Comparative Analysis & Findings

  • The RESILIENCE trial compares the outcomes observed under RIC versus sham conditioning in lymphoma patients receiving anthracyclines. The study found that RIC significantly improved CMR-based left ventricular ejection fraction (LVEF) compared to sham conditioning. The study also found that RIC significantly reduced the incidence of AC events compared to sham conditioning. The study identified that T2 mapping was a better predictor of AC than classical markers (left ventricular strain and cardiac injury biomarkers). The study also validated a novel CMR sequence reducing acquisition time in a vulnerable population.

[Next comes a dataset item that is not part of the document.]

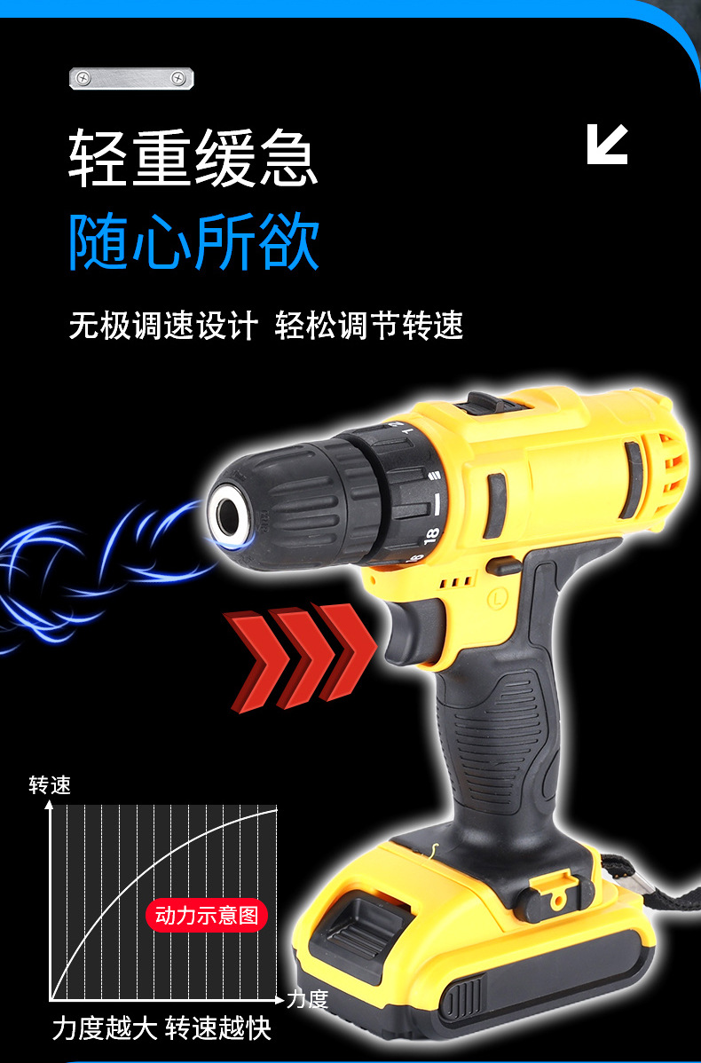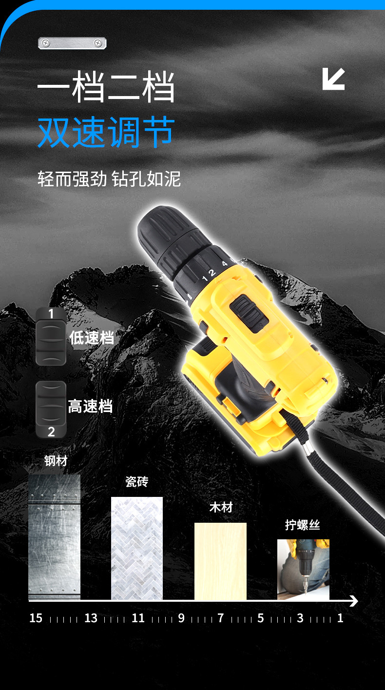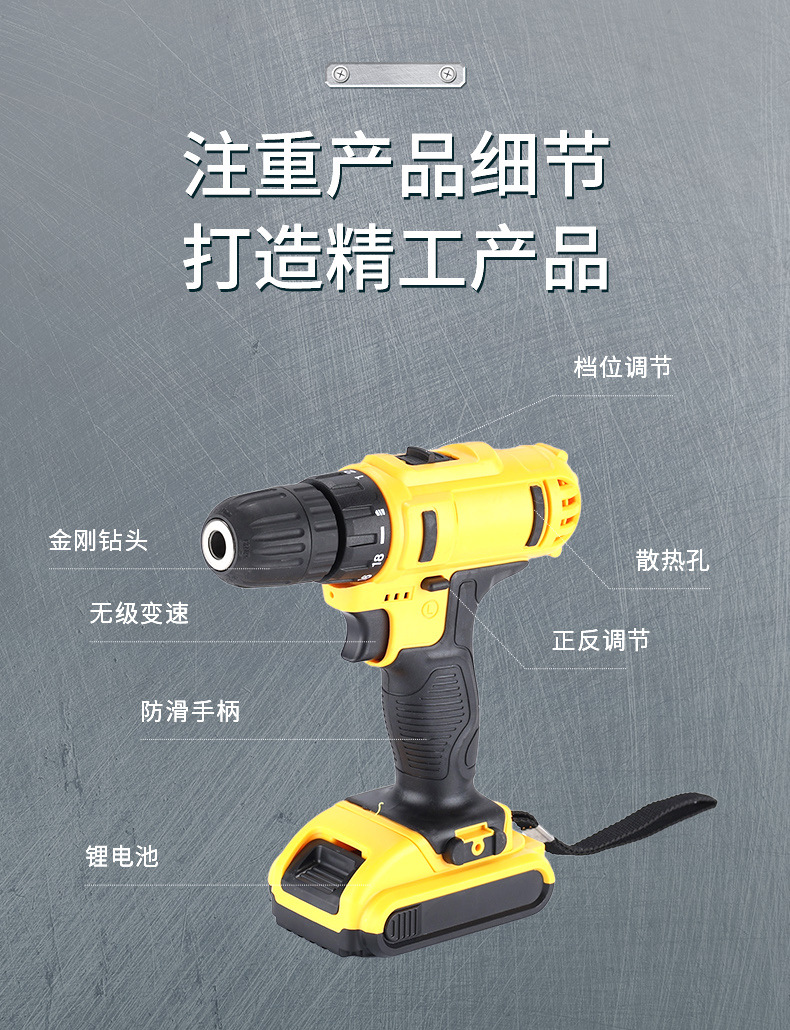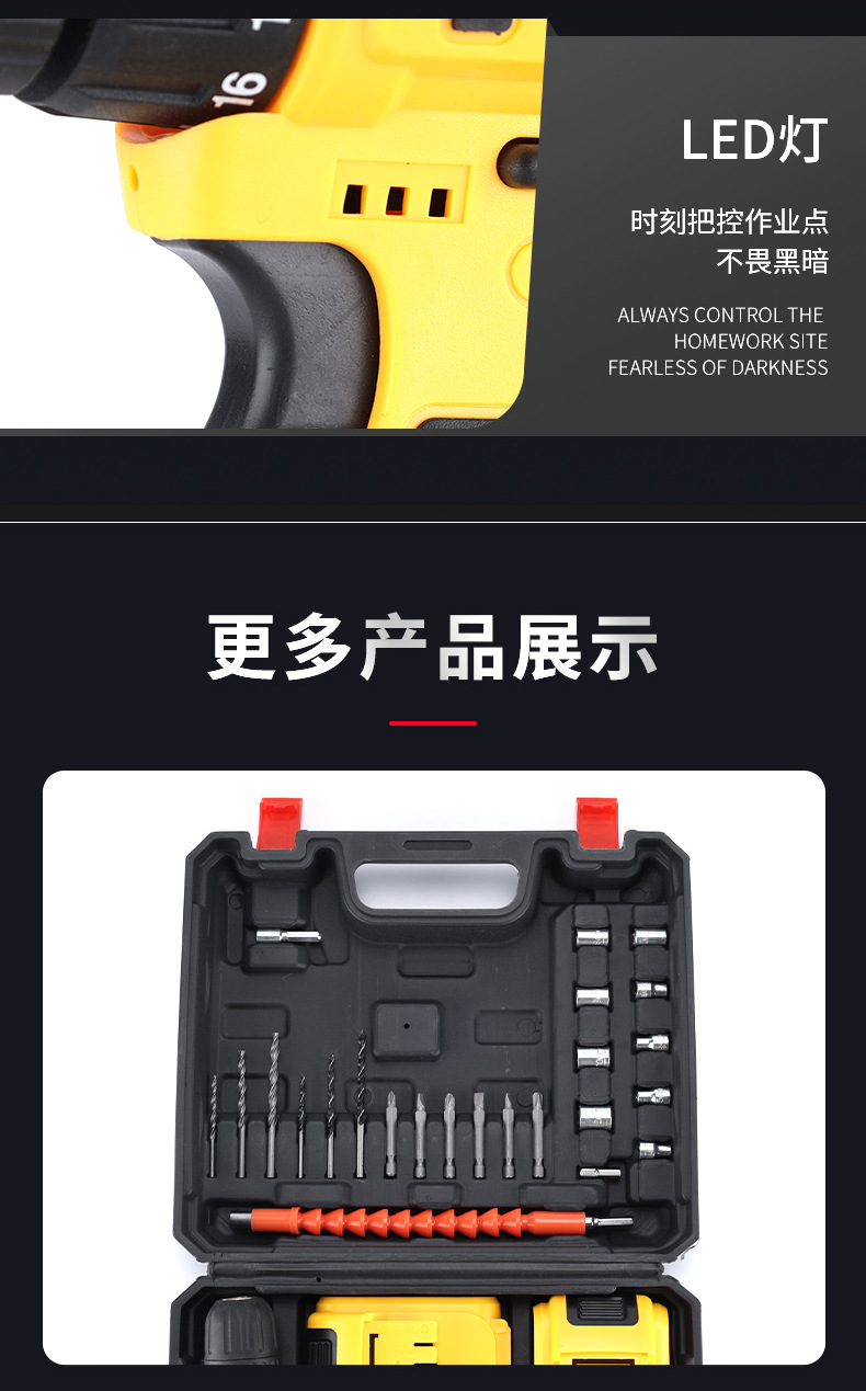 Fábrica personalizada transfronteriza multifuncional taladro de impacto de litio taladro de mano de alta potencia taladro de mano inalámbrico portátil taladro de mano conjunto

Implications and Future Directions

  • The RESILIENCE trial provides evidence that RIC can prevent AC in lymphoma patients receiving anthracyclines. The study also identifies T2 mapping as a better predictor of AC than classical markers. The study validates a novel CMR sequence reducing acquisition time in a vulnerable population. Future research should focus on validating the results of this study in larger populations and in other patient populations. Future research should also focus on identifying other non-invasive interventions to prevent AC.